● **Given records**

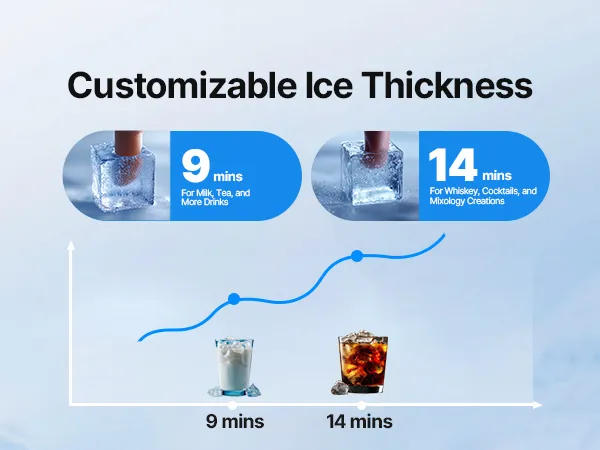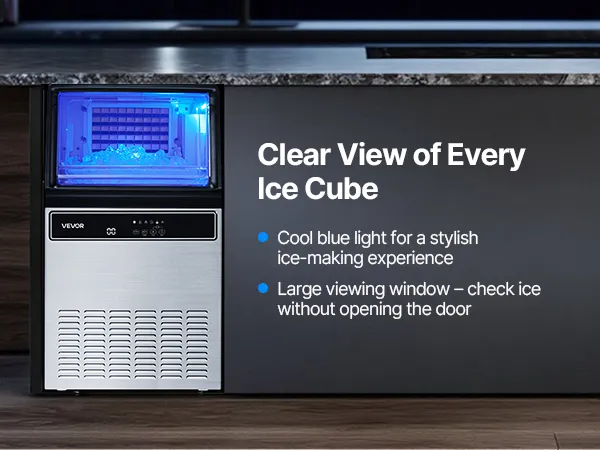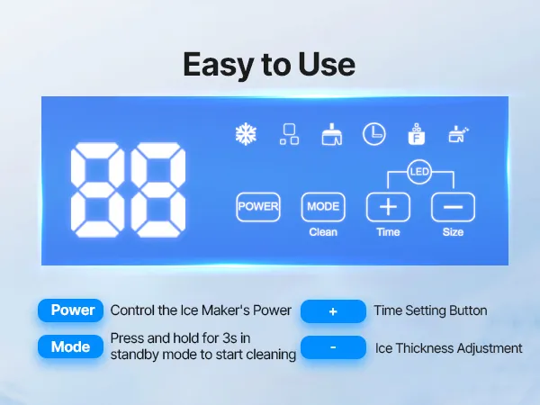 Fácil de usar: Esta máquina para hacer hielo cuenta con controles LED intuitivos; simplemente seleccione cubitos gruesos o delgados con un solo toque. La amplia ventana de visualización y la iluminación interior azul le permiten monitorear el proceso de fabricación de hielo sin abrir la tapa.
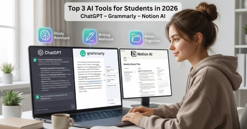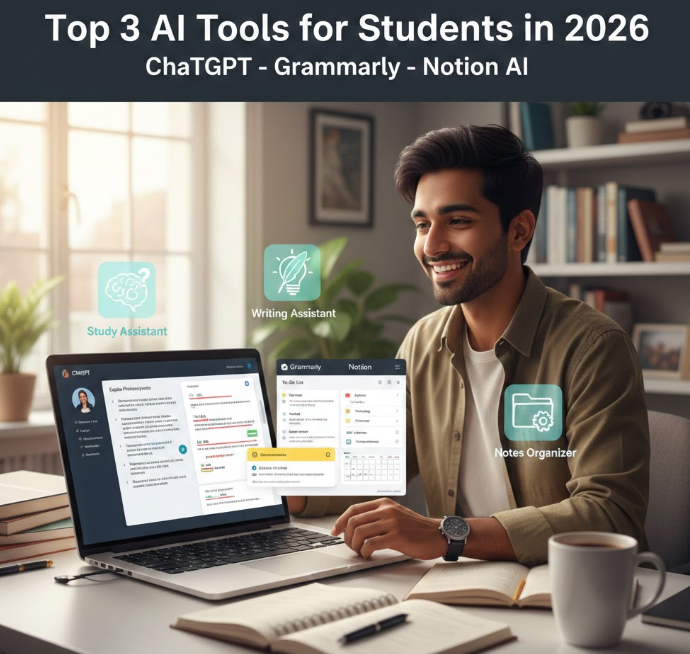 Top 10 AI Tools for Students in 2026:- Artificial Intelligence is no longer a futuristic concept or a buzzword limited to tech experts. In 2026, it has become an everyday academic companion for students across schools, colleges, and universities. Today’s students are not just studying harder—they are studying smarter, faster, and more efficiently with the help of AI.
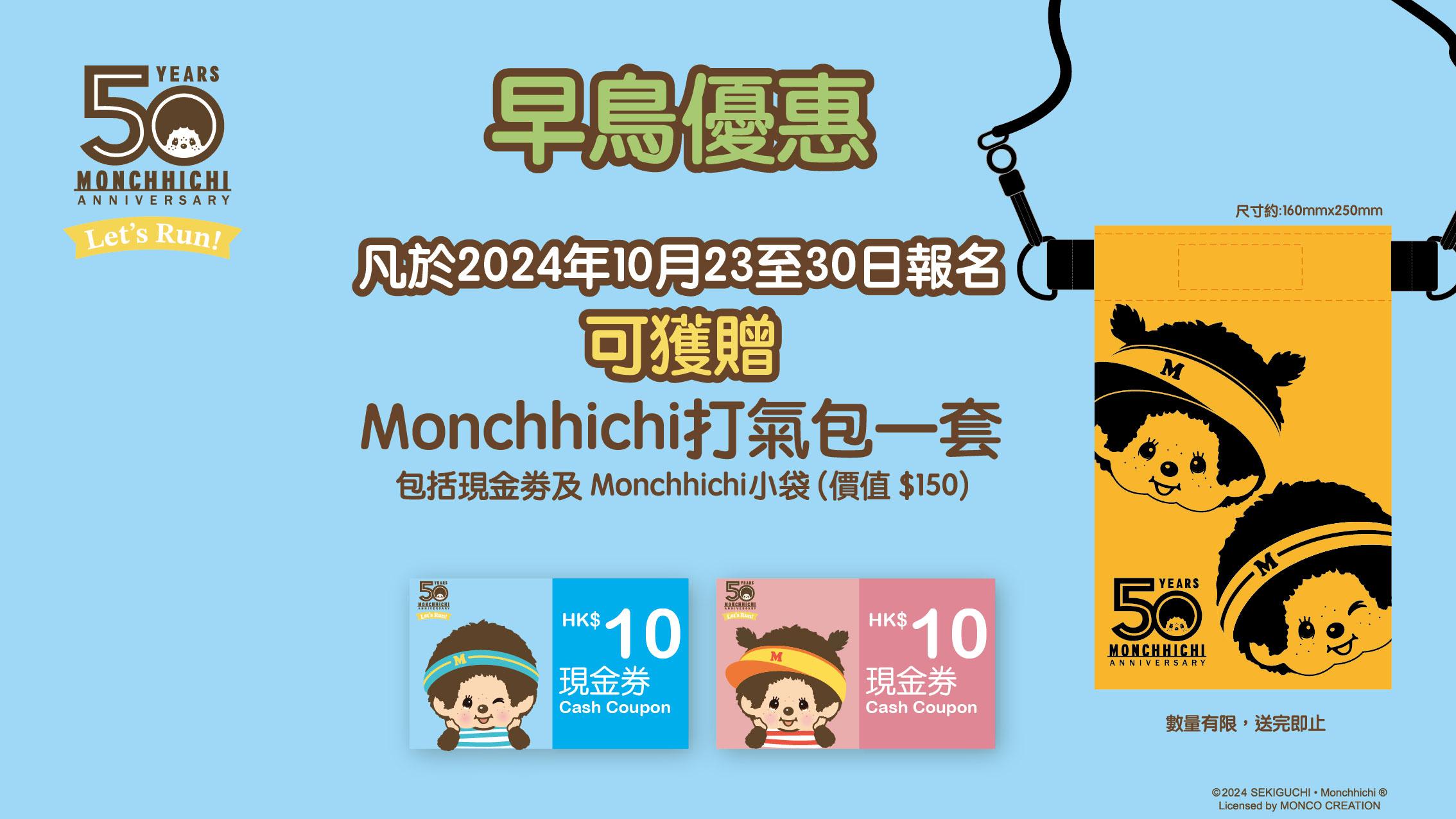 最受跑手期待的Monchhichi 50週年限定紀念品跑手包中,獨家使用的Monchhichi跑步造型素材,所有贈品附加了50週年logo以加強紀念性。每位參加慶祝跑的跑手均會獲贈跑手包,不同組別的跑手包會有所不同。所有組別跑手會獲贈T恤、冰巾及號碼布,當中附送的「限定獎牌」及電子證書附有官方授權50週年logo,單是紀念品零售價已達$400以上。由即日起至10月30日23:59成功在Klook報名參加慶祝跑,可享早鳥優惠贈品價值$150「限量版 Monchhichi 打氣包」,數量有限,送完即止。
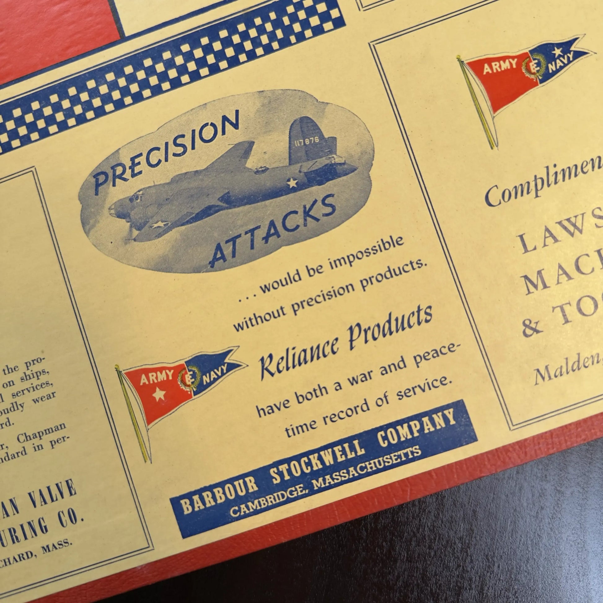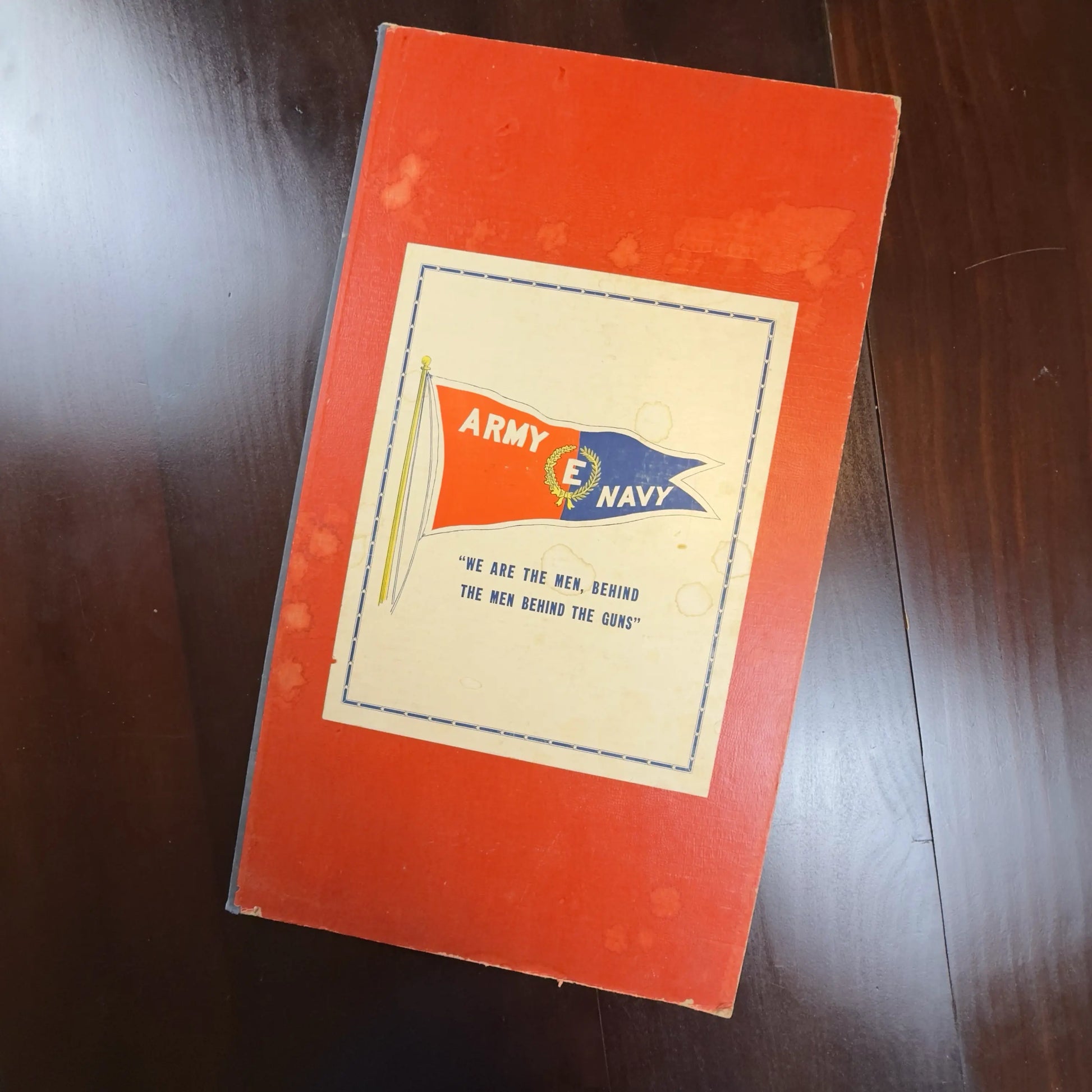 On the front, an image of the WWII Army-Navy "E" Award banner, also known as the Army-Navy Production Award. This award was presented during World War II to civilian companies and corporations who demonstrated "Excellence in Production" of war items. More on the "E" award below.
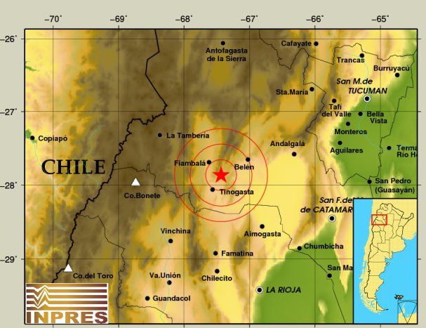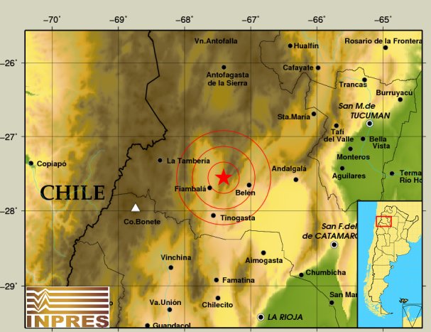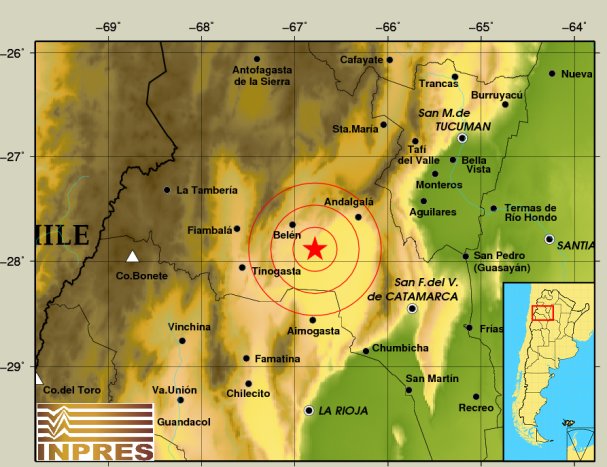 Epicentro: 25 km al NE de Fiambalá, 40 km al O de Belén, 58
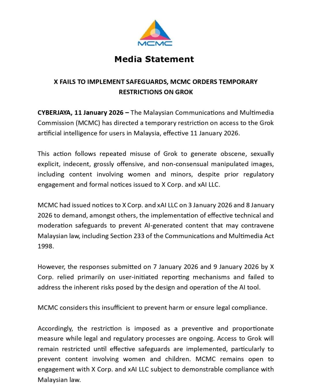 截至 1 月 14 日,包括英国、法国、意大利、印度、巴西、澳大利亚及欧盟等国家及地区的监管机构都已对 Grok 发出警告或展开调查,印尼及马来西亚已先后宣布暂时封禁 Grok。
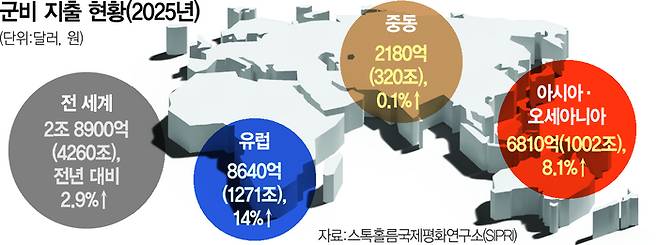 유럽은 도널드 트럼프 미국 대통령의 나토(NATO) 탈퇴 시사와 러시아 위협 증대를 배경으로 군사비를 전년 대비 14% 늘린 8640억 달러(약 1271조 원)를 기록하며 역대 최고치를 경신했습니다. 독일은 24% 증가한 1140억 달러로 유럽 최대 군사비 지출국에 올랐고, 스페인은 무려 50% 늘어나 1994년 이후 처음으로 GDP 대비 2.0%를 넘었습니다.
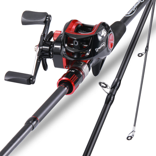 Angelrolle-Set mit Baitcasting, 24T Carbon Fiber Angelrute und 12+1BB 8.0:1 Übersetzungsverhältnis Baitcasting-Rolle, mit 100mPE Angelschnur und Ködern

● **Assigned task**
All lines from the start of the entries above through the line containing "截至 1 月 14 日,包括英国、法国、意大利、印度、巴西、澳大利亚及欧盟等国家及地区的监管机构都已对" are to be given again exactly; the pictures are not.

● **Solved problem**
 Fácil de usar: Esta máquina para hacer hielo cuenta con controles LED intuitivos; simplemente seleccione cubitos gruesos o delgados con un solo toque. La amplia ventana de visualización y la iluminación interior azul le permiten monitorear el proceso de fabricación de hielo sin abrir la tapa.
 Top 10 AI Tools for Students in 2026:- Artificial Intelligence is no longer a futuristic concept or a buzzword limited to tech experts. In 2026, it has become an everyday academic companion for students across schools, colleges, and universities. Today’s students are not just studying harder—they are studying smarter, faster, and more efficiently with the help of AI.
 最受跑手期待的Monchhichi 50週年限定紀念品跑手包中,獨家使用的Monchhichi跑步造型素材,所有贈品附加了50週年logo以加強紀念性。每位參加慶祝跑的跑手均會獲贈跑手包,不同組別的跑手包會有所不同。所有組別跑手會獲贈T恤、冰巾及號碼布,當中附送的「限定獎牌」及電子證書附有官方授權50週年logo,單是紀念品零售價已達$400以上。由即日起至10月30日23:59成功在Klook報名參加慶祝跑,可享早鳥優惠贈品價值$150「限量版 Monchhichi 打氣包」,數量有限,送完即止。
 On the front, an image of the WWII Army-Navy "E" Award banner, also known as the Army-Navy Production Award. This award was presented during World War II to civilian companies and corporations who demonstrated "Excellence in Production" of war items. More on the "E" award below.
 Epicentro: 25 km al NE de Fiambalá, 40 km al O de Belén, 58
 截至 1 月 14 日,包括英国、法国、意大利、印度、巴西、澳大利亚及欧盟等国家及地区的监管机构都已对 Grok 发出警告或展开调查,印尼及马来西亚已先后宣布暂时封禁 Grok。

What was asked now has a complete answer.